Михновский прочитал письма, отложил их в сторону и, вытянув перед собой длинные ноги, стал любоваться новыми рыжими туфлями на белой толстой подошве.
Вот этими самыми ногами в рыжих туфлях он войдет в приятную, мягкую, обеспеченную жизнь. Теперь это уже ясно. Он закрыл глаза и, улыбаясь, произнес нежно и нараспев:
— Шарикоподшипники.
Перевод «Мадам Бовари» валялся вместе со старым костюмом в чемодане. Теперь, спеша по делам, Михновский не задумываясь брал такси. По вечерам ходил с Орловым в театры и рестораны. Делал все то, о чем так долго мечтал. В действительности это было менее чудесно, но все-таки очень хорошо.

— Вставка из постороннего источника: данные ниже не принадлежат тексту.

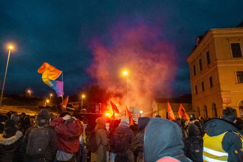 Riesa | 11. Janaur 2025 – Es ist früh am Morgen, als sich die ersten Demonstrant:innen am Leipziger Hauptbahnhof versammeln. Die Regionalbahn nach Riesa ist brechend voll, kein Platz bleibt ungenutzt. Trotz der frühen Stunde ist die Stimmung gelöst, die meist jungen Menschen wirken erstaunlich gut ausgeschlafen und bestens gelaunt. Sie alle haben ein Ziel, gegen den Bundesparteitag der AfD in der sächsischen Stadt zu protestieren.

Михновский и Орлов смотрели ревю.
По сцене ходили женщины, разодетые райскими птицами, певец в оранжевом фраке пел высоким голосом, сверкал бриллиантовый занавес, колыхались страусовые перья. Потом какие-то герл в трико ныряли вместе с моржами в огромный аквариум.
Орлов толкнул Михновского:
— Сейчас самое интересное. Румынка.
В пустых до сих пор ложах устраивались дамы. Стало как-то особенно тихо.
— Она шпионка, — сказал кто-то за спиной Михновского.
— Нет, что вы, английский принц чуть не застрелился из-за нее.
Розовый занавес раздвинулся. На сцену быстро вышла очень высокая, очень худая женщина с угловатыми плечами и маленькой головой. Ее черные волосы казались лакированными. На ней было ярко-зеленое платье. Она подошла к самой рампе и, широко разведя худые руки, запела модную песенку.
У нее был глухой и гортанный голос. Она, плохо выговаривая, машинально произносила французские легкомысленные слова. Лицо ее оставалось холодным и спокойным.
Допев песенку, она вдруг резко взмахнула руками, как птица, собирающаяся лететь, и подняла глаза. И эти огромные черные глаза на худом лице казались слишком сияющими, слишком смелыми; они как будто подступали близко-близко, смотрели в самые зрачки зрителей. В их взгляде трепетала такая смелая, веселая, гордая жизнь, что становилось страшно и сердце начинало громко стучать.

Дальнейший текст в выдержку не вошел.